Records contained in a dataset
_____
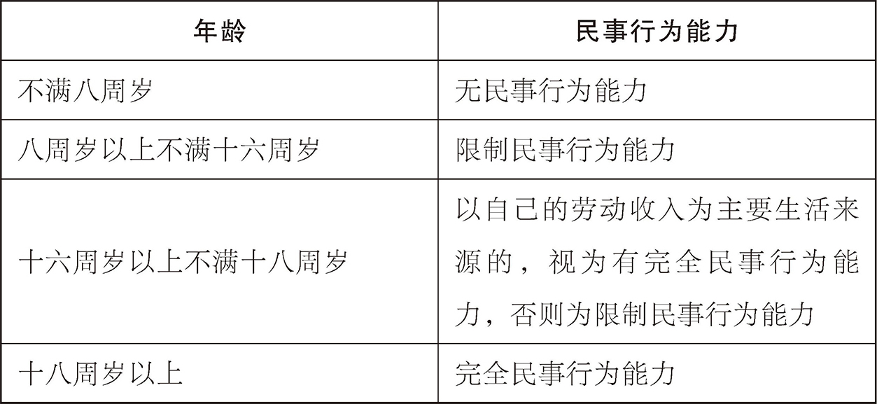 《民法典》第十七条至第二十二条规定,十八周岁以上的自然人以及十六周岁以上且以自己的劳动收入为主要生活来源的未成年人具有完全民事行为能力,可以独立实施民事法律行为。但是,前述两类人中不能完全辨认自己行为的属于限制民事行为能力人,只可独立实施纯获利益的民事法律行为或者与其智力、精神健康状况相适应的民事法律行为;不能辨认自己行为的属于无民事行为能力人,不可独立实施民事法律行为,具体关系详见表1-2。
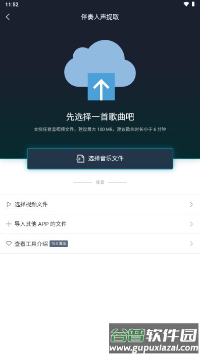 这款应用主要用于上传音频文件,并从中提取人声、伴奏或各种乐器音轨;
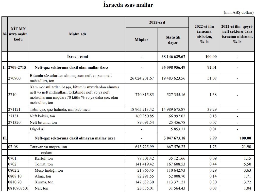 2022-ci ildə (yanvar-dekabr) Azərbaycanın ən çox ixrac və idxal etdiyi mallar.
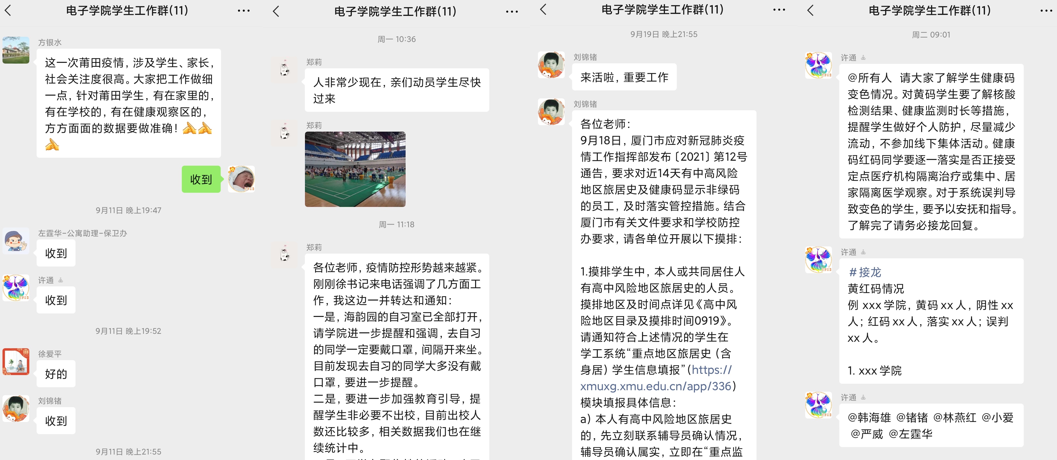 系统摸排,精细管理。9月10日以来,学院学生工作组根据学校疫情防控要求,依托辅导员队伍、党员队伍和学生工作骨干,通过年级大会、宿舍走访、线上联络等形式,系统传达了学校疫情防控的最新政策,摸排了学生中高风险旅居史、参加核酸检测等情况,精准帮助学生落实集中隔离、居家隔离,轮番提醒学生参加核酸检测,做好健康打卡提醒和疫情防控数据信息收集、核实、报送等工作。针对校外居住学生,辅导员通过电话方式逐一关心慰问,了解学生饮食起居、学习生活以及核酸检测的困难与需求,帮助学生共同度过难关。
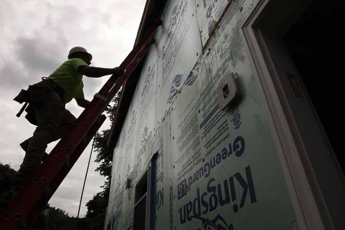 Meikota Rigge helps lift drywall at a Habitat for Humanity house on Parsells Ave. in Rochester. Rigge is an AmeriCorps Volunteer working with Habitat.
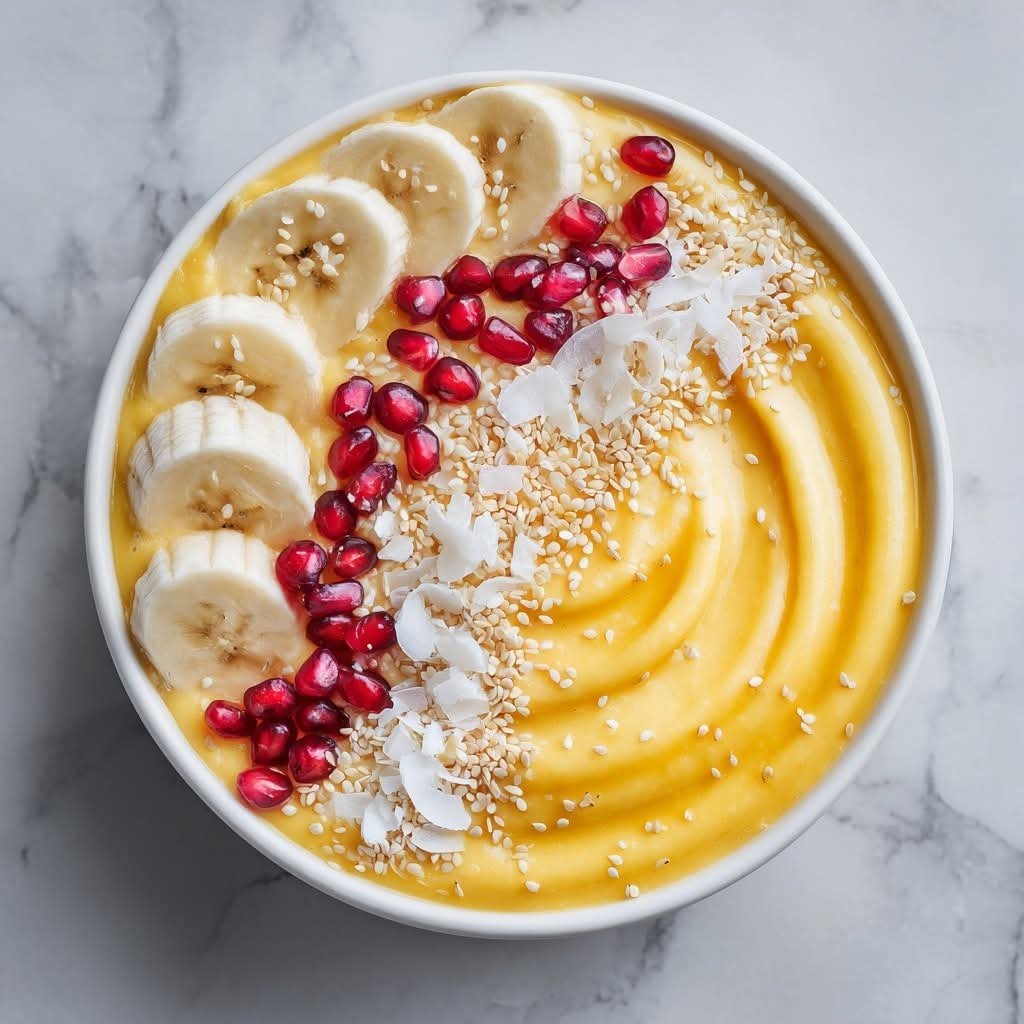 A thick, creamy mango smoothie bowl topped with banana, pomegranate, coconut, and sesame seeds β refreshing, nourishing, and perfect for breakfast! π
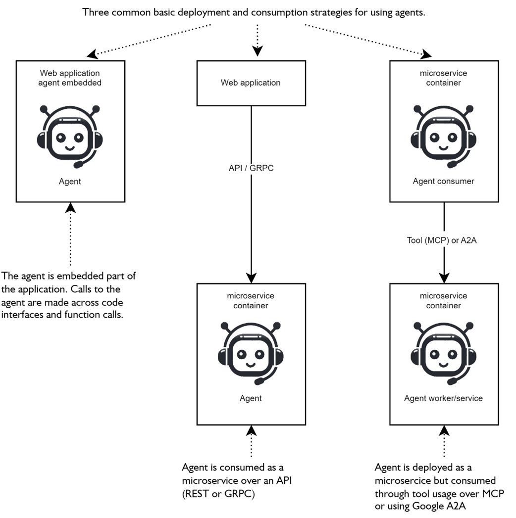 shows three simple patterns for deploying and consuming agents. From embedded agents, a microservice API is accessible or used as a tool through other agents.
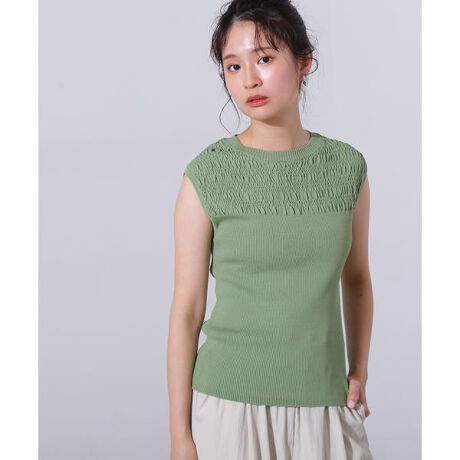 胸元のシャーリングデザインがポイントのニットです。ワンテクが効いてるのでシンプルなボトムスを合わせるだけで映えるデザイン。やや詰まり気味の首元とフレンチ寄りのノースリーブで肌見せバランスも涼しげな印象です。キャミワンピースやサロペットのインナーとしてもオススメ。<素材>ドライタッチでプレーンな糸を使用しています。<詳細>仕様・開閉なし裏地・なし透け感・なし / 光沢・なし / 伸縮性・あり生地の厚さ・普通※モデルの着用画像の場合、光の当たり具合により、実際の色味と異なって見えることがございます。色味は、商品単体の画像をご参照ください。
_____
## Work instruction
Return only the line with "系统摸排,精细管理。9月10" and the lines after it up to the end of the records, exact and free of pictures.

## Written reply
 系统摸排,精细管理。9月10日以来,学院学生工作组根据学校疫情防控要求,依托辅导员队伍、党员队伍和学生工作骨干,通过年级大会、宿舍走访、线上联络等形式,系统传达了学校疫情防控的最新政策,摸排了学生中高风险旅居史、参加核酸检测等情况,精准帮助学生落实集中隔离、居家隔离,轮番提醒学生参加核酸检测,做好健康打卡提醒和疫情防控数据信息收集、核实、报送等工作。针对校外居住学生,辅导员通过电话方式逐一关心慰问,了解学生饮食起居、学习生活以及核酸检测的困难与需求,帮助学生共同度过难关。
 Meikota Rigge helps lift drywall at a Habitat for Humanity house on Parsells Ave. in Rochester. Rigge is an AmeriCorps Volunteer working with Habitat.
 A thick, creamy mango smoothie bowl topped with banana, pomegranate, coconut, and sesame seeds β refreshing, nourishing, and perfect for breakfast! π
 shows three simple patterns for deploying and consuming agents. From embedded agents, a microservice API is accessible or used as a tool through other agents.
 胸元のシャーリングデザインがポイントのニットです。ワンテクが効いてるのでシンプルなボトムスを合わせるだけで映えるデザイン。やや詰まり気味の首元とフレンチ寄りのノースリーブで肌見せバランスも涼しげな印象です。キャミワンピースやサロペットのインナーとしてもオススメ。<素材>ドライタッチでプレーンな糸を使用しています。<詳細>仕様・開閉なし裏地・なし透け感・なし / 光沢・なし / 伸縮性・あり生地の厚さ・普通※モデルの着用画像の場合、光の当たり具合により、実際の色味と異なって見えることがございます。色味は、商品単体の画像をご参照ください。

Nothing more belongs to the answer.